Note: this may be crazy Maybe not that crazy. Wenyu is already doing something like this in the lxr branch of the mmtk-openjdk binding

MMTk core provides a reference processing stages RefClosure (replacing our current XxxRefClosure phase), during which two functions can be called:

And the VMBinding provides one function to be executed by GC worker threads during the new RefClosure phase:

MMTk doesn't care about what the VM do during do_ref_processing().

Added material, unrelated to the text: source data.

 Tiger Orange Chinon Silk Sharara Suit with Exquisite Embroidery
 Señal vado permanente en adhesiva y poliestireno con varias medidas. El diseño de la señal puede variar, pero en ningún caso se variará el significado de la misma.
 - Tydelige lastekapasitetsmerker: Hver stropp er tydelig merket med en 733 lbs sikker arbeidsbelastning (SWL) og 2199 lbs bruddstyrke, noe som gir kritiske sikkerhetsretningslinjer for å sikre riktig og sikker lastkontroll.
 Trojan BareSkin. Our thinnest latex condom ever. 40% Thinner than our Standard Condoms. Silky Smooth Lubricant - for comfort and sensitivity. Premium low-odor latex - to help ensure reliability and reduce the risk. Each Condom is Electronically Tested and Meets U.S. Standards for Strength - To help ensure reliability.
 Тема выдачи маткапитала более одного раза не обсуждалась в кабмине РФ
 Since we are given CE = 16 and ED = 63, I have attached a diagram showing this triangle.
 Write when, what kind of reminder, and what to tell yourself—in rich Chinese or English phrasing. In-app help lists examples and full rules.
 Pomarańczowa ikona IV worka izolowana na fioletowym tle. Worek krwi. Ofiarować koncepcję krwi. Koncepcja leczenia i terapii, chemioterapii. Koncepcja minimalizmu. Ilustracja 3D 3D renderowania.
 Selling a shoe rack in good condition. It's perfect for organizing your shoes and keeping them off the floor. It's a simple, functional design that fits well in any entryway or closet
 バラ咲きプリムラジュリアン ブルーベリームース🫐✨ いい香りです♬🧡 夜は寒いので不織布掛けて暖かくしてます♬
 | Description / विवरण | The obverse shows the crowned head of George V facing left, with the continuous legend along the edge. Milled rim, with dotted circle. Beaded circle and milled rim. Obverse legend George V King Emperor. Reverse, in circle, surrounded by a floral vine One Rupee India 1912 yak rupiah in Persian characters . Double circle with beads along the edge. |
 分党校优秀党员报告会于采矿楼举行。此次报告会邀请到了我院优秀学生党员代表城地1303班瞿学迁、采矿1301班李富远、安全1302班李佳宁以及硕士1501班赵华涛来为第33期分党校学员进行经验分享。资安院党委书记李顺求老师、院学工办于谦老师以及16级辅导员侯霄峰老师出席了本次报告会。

How to implement Java-style references

The VM binding maintains its own list of "candidate" and "finalized" object lists. During do_ref_processing, the VM binding inspects each candidate.

fn do_ref_processing() {
    for obj in openjdk::soft_weak_phantom {
        if mmtk::is_alive(obj) {
            let dst = obj.ref_field;
            if mmtk::is_alive(dst) {
                trace_object(obj.ref_field);
            } else if openjdk::is_soft_reference(dst) && !mmtk::is_emergency_collection() {
                trace_object(obj.ref_field);
            } else {
                obj.ref_field = Address::NULL;

                if openjdk::has_queue(obj) {
                    openjdk::enqueue(obj);
                }
            }
        }
    }
    for obj in openjdk::finalize_candidates {
        if !mmtk::is_alive(obj) {
            openjdk::finalizable_objects.push(obj);
        }
    }
}

How to implement Ephemeron

fn do_ref_processing() {
    for obj in v8::ephemerons {
        if mmtk::is_alive(obj.key) {
            mmtk::trace_object(obj.value);
        }
    }
}

How to implement global maps in Ruby

fn do_ref_processing() {
    for entry in ruby::obj_id_map {
        if !mmtk::is_alive(entry.obj) {
            ruby::obj_id_map.remove_entry(entry);
        }
    }
    for entry in ruby::gen_ivtbl_map {
        if !mmtk::is_alive(entry.obj) {
            ruby::gen_ivtbl_map.remove_entry(entry);
        }
    }
}

Problems

Update

Wenyu is already doing something similar in the lxr branch of mmtk-openjdk. https://github.com/wenyuzhao/mmtk-openjdk/blob/lxr/mmtk/src/reference_glue.rs#L243-L289

However, I think work packets (GCWork and the buckets) are an implementation detail of mmtk-core, and shouldn't be exposed to the VM binding (I am still open to objections for now). In my proposed API, trace_object can be provided as a call-back closure that encapsulates the logic related to work packets, and the VMBinding only specify which object need to be kept alive.

Update: In https://github.com/mmtk/mmtk-core/pull/700, we encapsulated trace_object behind the ObjectTracer trait (already exists for supporting object-enqueuing tracing), and the new ObjectTracerContext trait encapsulates the creation and flushing of ProcessEdgesWork.

wks commented 1 year ago

The new interface is introduced in this PR: https://github.com/mmtk/mmtk-core/pull/700

The Ruby binding is now able to process obj_ref and finalizers using this API since the following commits:

I have an experimental branch of mmtk-openjdk (https://github.com/wks/mmtk-openjdk/tree/gen-weakref-api). It copies the reference and finalizer processor from mmtk-core to mmtk-openjdk, and benchmarks (see https://github.com/mmtk/mmtk-core/pull/700) show that it is possible to implement reference processing in the binding and reach the same performance as what we currently have, and there is still room for improvement given the limitations (such as the use of mutex) in our current implementation.

From now on, we still need to deprecate the Java-style API in mmtk-core, and reimplement reference processing in OpenJDK in a way native to OpenJDK. Other VM bindings that are using the Java-style API should migrate to the new language-neutral API.